图像到图像翻译任务是一种有条件的图像生成任务,其中模型将输入图像转换到目标域,同时保留给定输入图像的内容结构。图像翻译模型的研讨会工作使用配对训练设置(Isola et al. 2017)或循环一致性训练(Zhu et al. 2017)进行内容保存。然而,这些模型的缺点在于它们需要成对的数据集或需要使用额外的网络进行复杂的训练过程。为了克服这些问题,后来的研究通过去除周期一致性引入了单侧图像平移(Fu et al. 2019; Benaim and Wolf 2017)。
Figure 1: The semantic connectivity of input is extracted by the encoder, and shared to construct the graph network. We maximize the mutual information between the nodes.
图1:编码器提取输入的语义连接,并共享以构建图网络。
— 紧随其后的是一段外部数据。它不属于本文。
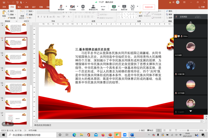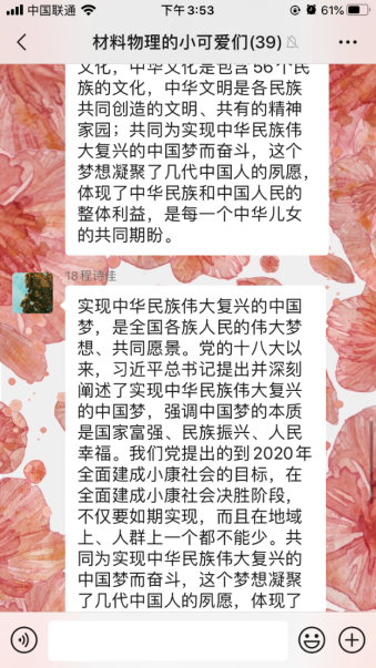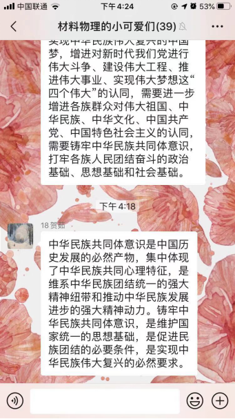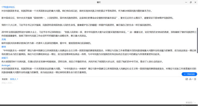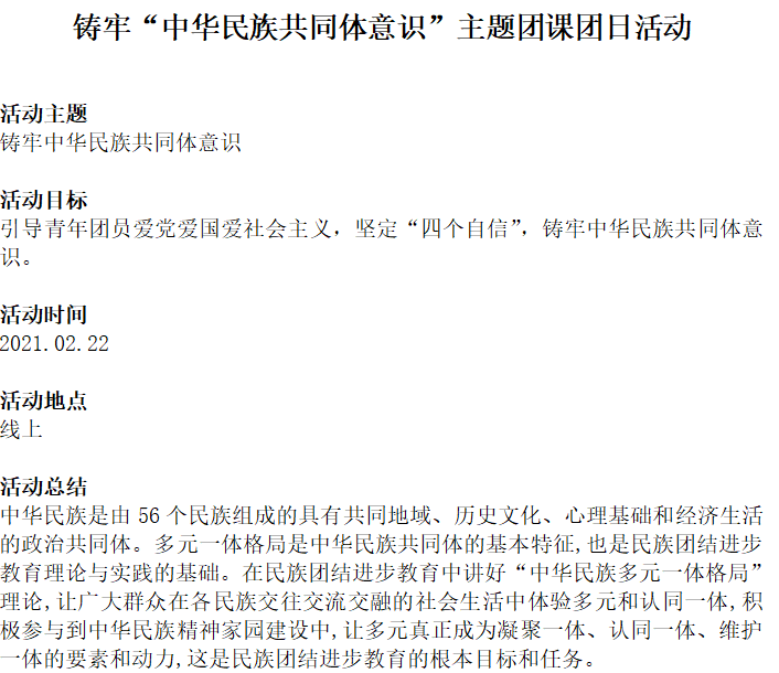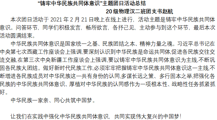 为深入学习宣传贯彻落实党的十九大精神,认真学习宣传习近平总书记在全国民族团结进步表彰大会上的重要讲话精神,引导广大师生进一步凝聚“民族团结一家亲,同心共筑中国梦”的强大合力。自2月19日至2月23日,js333线路检测中心在全院学生中开展了“铸牢中华民族共同体意识”云端主题团日活动。全院28个团支部、共1092人参与活动。活动中同学们直抒胸臆,积极发表对“铸牢中华民族共同体意识”的理解和认识。本次活动旨在增强学生对伟大祖国、中华民族、中华文化、中国共产党、中国特色社会主义的认同,使中华民族共同体意识深深扎根各族师生心中。

我们最大化节点之间的互信息。
Recently, inspired by the success of contrastive learning strategies, Contrastive Unpaired Translation (CUT) (Park et al. 2020) is proposed to enhance the correspondence between the input and the output images by the patch-wise contrastive learning. The patch-wise contrastive learning is further improved by exploring patch-wise relation such as adversarial hard negative samples (Wang et al. 2021), patch-wise similarity map (Zheng, Cham, and Cai 2021), or consistency regularization combined with hard negative mining by patch-wise relation (Jung, Kwon, and Ye 2022). Although these methods show meaningful improvement in the performance, they still have a limitation in that the previous works focused only on the individual point-wise matching for each pair, which does not consider the topology with the neighbors (Zhou et al. 2021).
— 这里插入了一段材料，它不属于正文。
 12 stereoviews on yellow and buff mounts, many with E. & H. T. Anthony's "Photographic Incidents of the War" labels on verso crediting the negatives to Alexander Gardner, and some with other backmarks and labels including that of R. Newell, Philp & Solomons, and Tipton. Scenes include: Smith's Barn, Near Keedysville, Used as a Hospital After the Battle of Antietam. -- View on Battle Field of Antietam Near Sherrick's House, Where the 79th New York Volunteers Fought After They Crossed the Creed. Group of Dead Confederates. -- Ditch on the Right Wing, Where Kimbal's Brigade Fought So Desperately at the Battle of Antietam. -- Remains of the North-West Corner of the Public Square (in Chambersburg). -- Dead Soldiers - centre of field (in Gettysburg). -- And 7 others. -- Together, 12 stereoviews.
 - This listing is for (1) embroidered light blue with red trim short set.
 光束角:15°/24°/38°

最近,受对比学习策略成功的启发,提出了对比非配对翻译(CUT)(Park et al. 2020),通过分块对比学习来增强输入和输出图像之间的对应关系。通过探索分块关系,如对抗性硬负样本(Wang et al. 2021),分块相似性图(Zheng,Cham和Cai 2021),或通过分块关系与硬负挖掘相结合的一致性正则化(Jung,Kwon和Ye 2022),进一步改进了分块对比学习。尽管这些方法在性能上显示出有意义的改进,但它们仍然存在局限性,因为以前的工作仅关注每个对的单独逐点匹配,而没有考虑与邻居的拓扑(Zhou等人,2021)。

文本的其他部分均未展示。